GA controls the genetic architecture. GA are set to be 1 to 5, which represents five different genetic architecture settings. 

GA =1: strong negative selection, common SNPs heritability fixed as 0.4 for each of the five ancestries, cross-ancestry genetic architecture as 0.8. Figure 2 and Supplementary Figure 2 in the Biorxiv preprint are based on this genetic architecture.

GA=2: strong negative selection, fixed per-SNP heritability for each of the five ancestries, cross-ancestry genetic architecture as 0.8. Supplementary Figure  5 in the Biorxiv preprint is based on this genetic architecture.

GA=3: strong negative selection, fixed per-SNP heritability for each of the five ancestries, cross-ancestry genetic architecture as 0.6. Supplementary Figure  6  in the Biorxiv preprint is based on this genetic architecture.

GA=4: no negative selection, common SNPs heritability fixed as 0.4 for each of the five ancestries, cross-ancestry genetic architecture as 0.8. Supplementary Figure  4  in the Biorxiv preprint is based on this genetic architecture.

GA=5: mild negative selection, common SNPs heritability fixed as 0.4 for each of the five ancestries, cross-ancestry genetic architecture as 0.8. Supplementary Figure  3  in the Biorxiv preprint is based on this genetic architecture.

##SummaryData##
Each of the summary statistics contains 34 columns.

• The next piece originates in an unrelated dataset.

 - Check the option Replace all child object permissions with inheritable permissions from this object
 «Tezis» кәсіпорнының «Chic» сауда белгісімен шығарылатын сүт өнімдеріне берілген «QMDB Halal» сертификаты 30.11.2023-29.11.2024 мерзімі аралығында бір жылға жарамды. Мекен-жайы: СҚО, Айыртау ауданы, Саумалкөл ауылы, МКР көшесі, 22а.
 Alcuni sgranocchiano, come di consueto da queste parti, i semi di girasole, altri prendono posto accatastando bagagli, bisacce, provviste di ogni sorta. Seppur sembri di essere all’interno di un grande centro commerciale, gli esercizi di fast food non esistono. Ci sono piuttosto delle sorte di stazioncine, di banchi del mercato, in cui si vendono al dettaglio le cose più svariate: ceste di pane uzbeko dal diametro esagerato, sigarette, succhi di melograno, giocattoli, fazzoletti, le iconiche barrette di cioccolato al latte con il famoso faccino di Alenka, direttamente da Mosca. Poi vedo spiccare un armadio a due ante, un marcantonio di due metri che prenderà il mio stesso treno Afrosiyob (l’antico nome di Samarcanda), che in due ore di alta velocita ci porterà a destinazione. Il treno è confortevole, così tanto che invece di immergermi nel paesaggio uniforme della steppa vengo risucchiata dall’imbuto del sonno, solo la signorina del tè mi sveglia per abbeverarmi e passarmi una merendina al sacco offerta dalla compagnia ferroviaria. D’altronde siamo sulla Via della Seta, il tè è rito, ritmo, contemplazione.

The first column is SNP ID in 1000 Genomes Reference. It's coded as rsid:position:allele1:allele2 or CHR:position:allele1:allele2. The second column is CHR. The third column is position (GRCh37). The fourth column is the effect allele. Note that the effect allele is not always the allele2 because PLINK 1.9 always uses the minor allele as the effect allele. Columns 5-34 are the effect size, standard error, and p-value for ten different replicates. The summary statistics file is named as summary_rho_**_size_**_GA_**.   

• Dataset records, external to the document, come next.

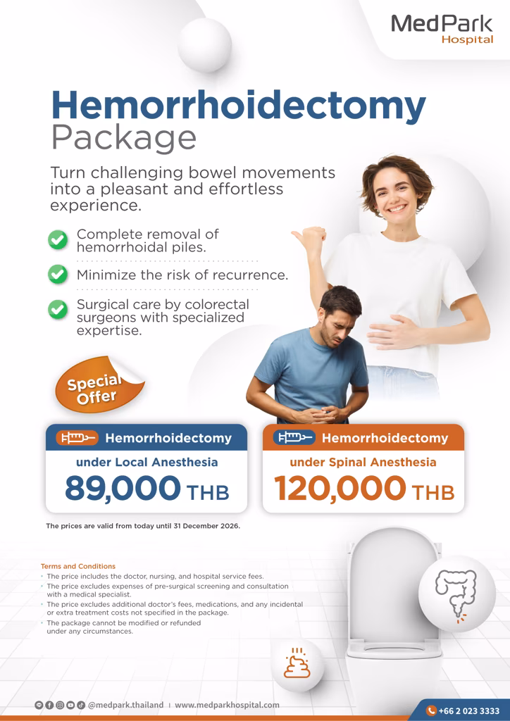 Hemorrhoidectomy Package with Local Anesthesia: 89,000 THB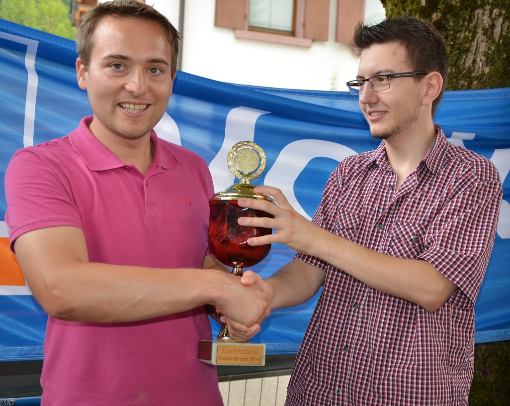 Jens Rahnfeld, der auch den Preis für den besten Jugendlichen gewann, wurde mit 7,5 Punkten Vierter, da sich das Dreisamtäler „Urgestein“ Max Scherer mit starken 8 Punkten noch vor ihn aufs Treppchen schob. Ein bemerkenswertes Turnier spielte auch der Fünftplatzierte Jouri Sorokovski vom SC Emmendingen, der ebenso auf 7,5 Punkte kam wie der beste Akteur vom SC Oberwinden, Mario Rösch, auf Rang 6. Für Mario, der zugleich zusammen mit Alex Lang die Turnierleitung inne hatte, war es anschließend die größte Herausforderung bei der Siegerehrung gegen die Geräuschkulisse der Alphörner anzukämpfen, die zwischenzeitlich den Platz der Blasmusik eingenommen hatten.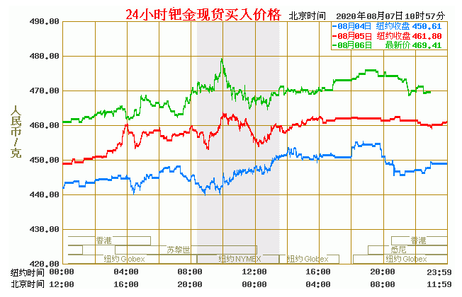 钯金价格走势图今日最新钯金行情(2020年8月7日) 今日最新钯金行情:469.41 备注:以上钯金价格仅供参考,请以官方价格为准。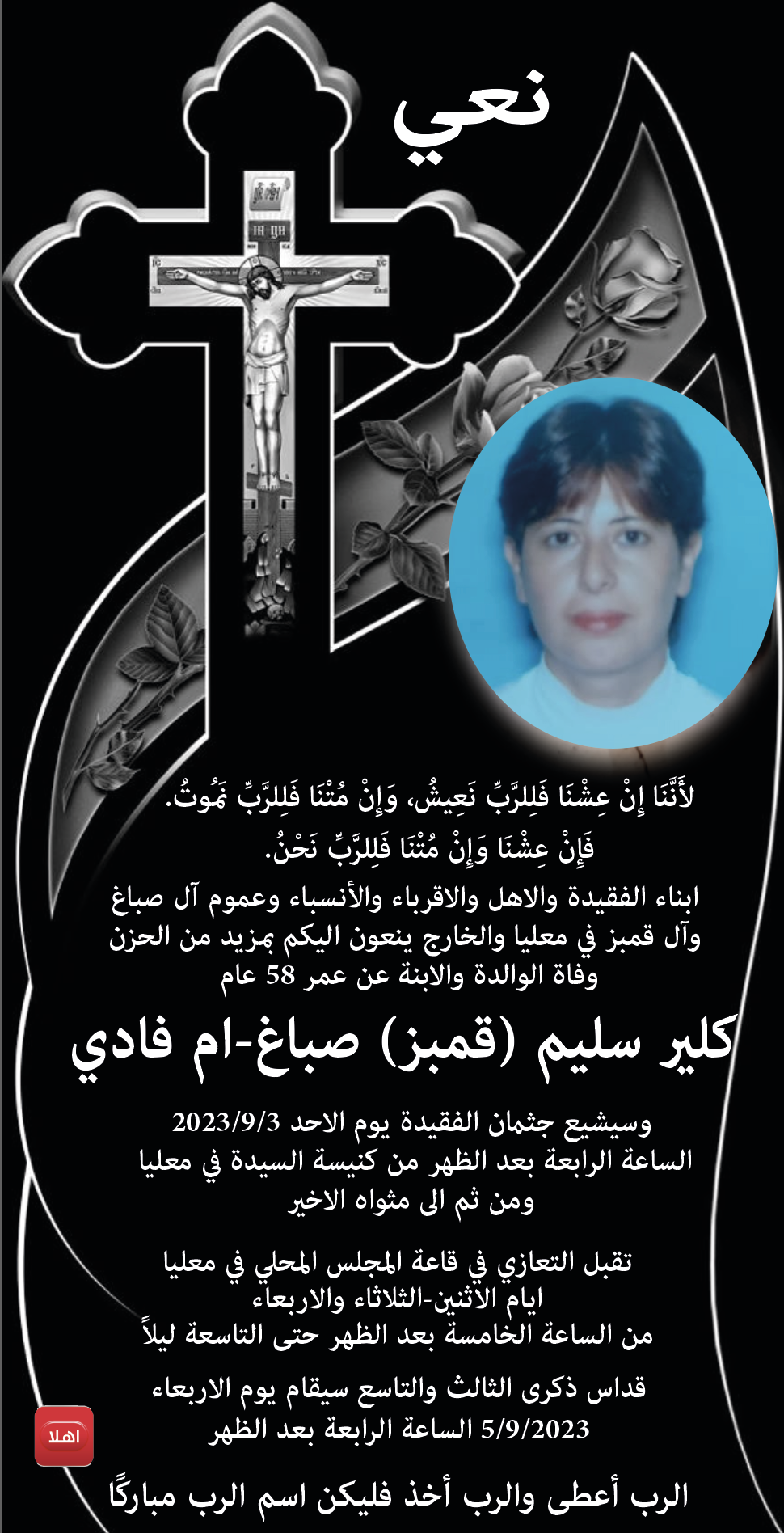 معليا: وفاة الابنة كلير سليم قمبز صباغ ام فادي
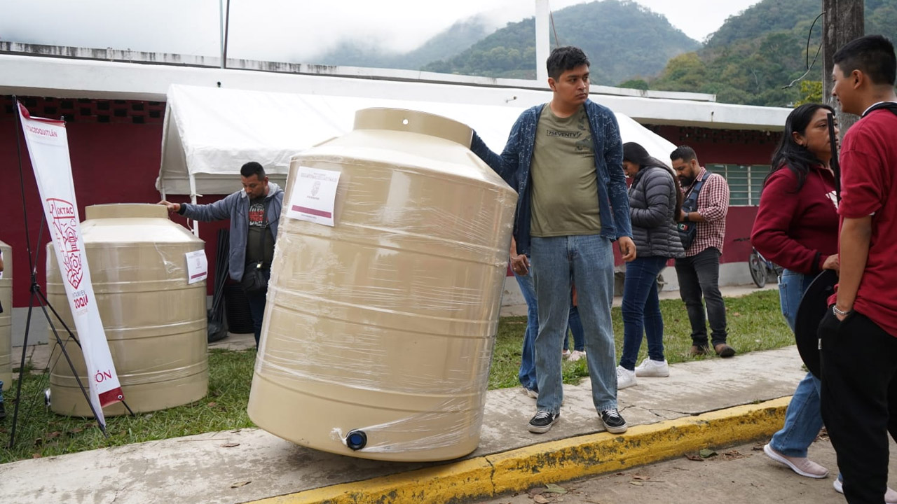 Alcalde José Luis Cortés supervisa entrega de tinacos en Campo Chico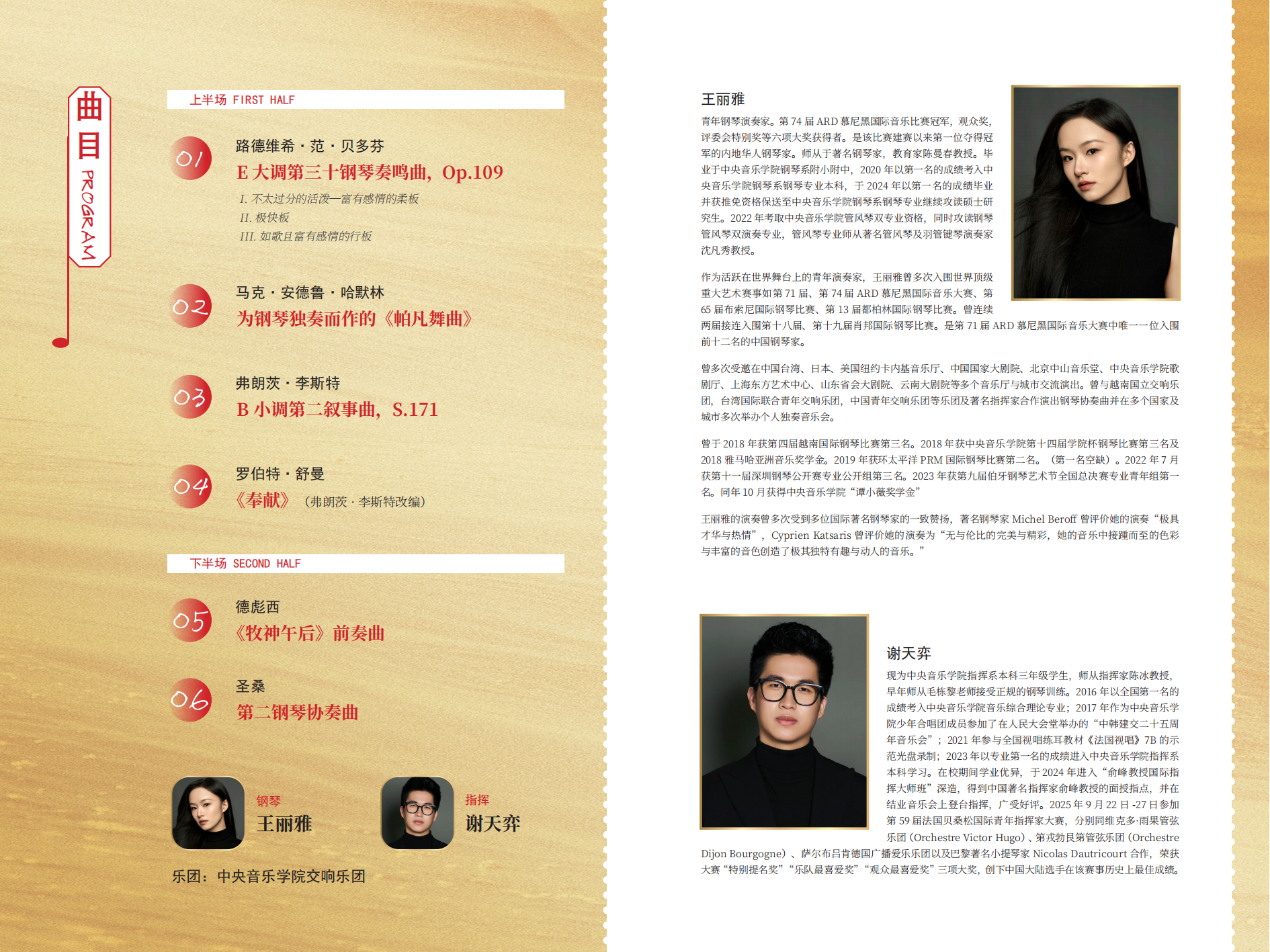 首先,我感谢我的恩师陈冰教授,以及指挥系的悉心培养。是您们的严格指导与无私传授,为我奠定了坚实的艺术根基,让我有能力与信心驾驭今晚的音乐会。

rho and GA represent causal SNPs proportion and genetic architecture, respectively, which use the same definition as the phenotypes data. The size parameter represents the training sample size to generate the GWAS summary statistics. 

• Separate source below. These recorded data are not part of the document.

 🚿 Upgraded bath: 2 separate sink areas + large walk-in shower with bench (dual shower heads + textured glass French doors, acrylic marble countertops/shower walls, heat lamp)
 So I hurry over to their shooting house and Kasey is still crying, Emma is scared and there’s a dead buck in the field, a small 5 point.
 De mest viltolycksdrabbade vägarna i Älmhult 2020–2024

size is set to be 1, 2, 3, 4 with the training sample size as 15,000, 45,000, 80,000 and 100,000 subjects, respectively. In all analyses, we keep the 10,000 subjects with ID number 100,001-110,000 as the tuning dataset; and keep the 10,000 with ID number 110,001-120,000 as the validation dataset. Since the subjects are randomly generated, we always choose the training data sequentially from the first subject. For example, when we set the training sample size as 15,000, we run GWAS analyses using subjects with ID numbers 1-15,000. When we set the training sample size as 100,000, we run GWAS analyses using subjects with ID numbers 1-100,000.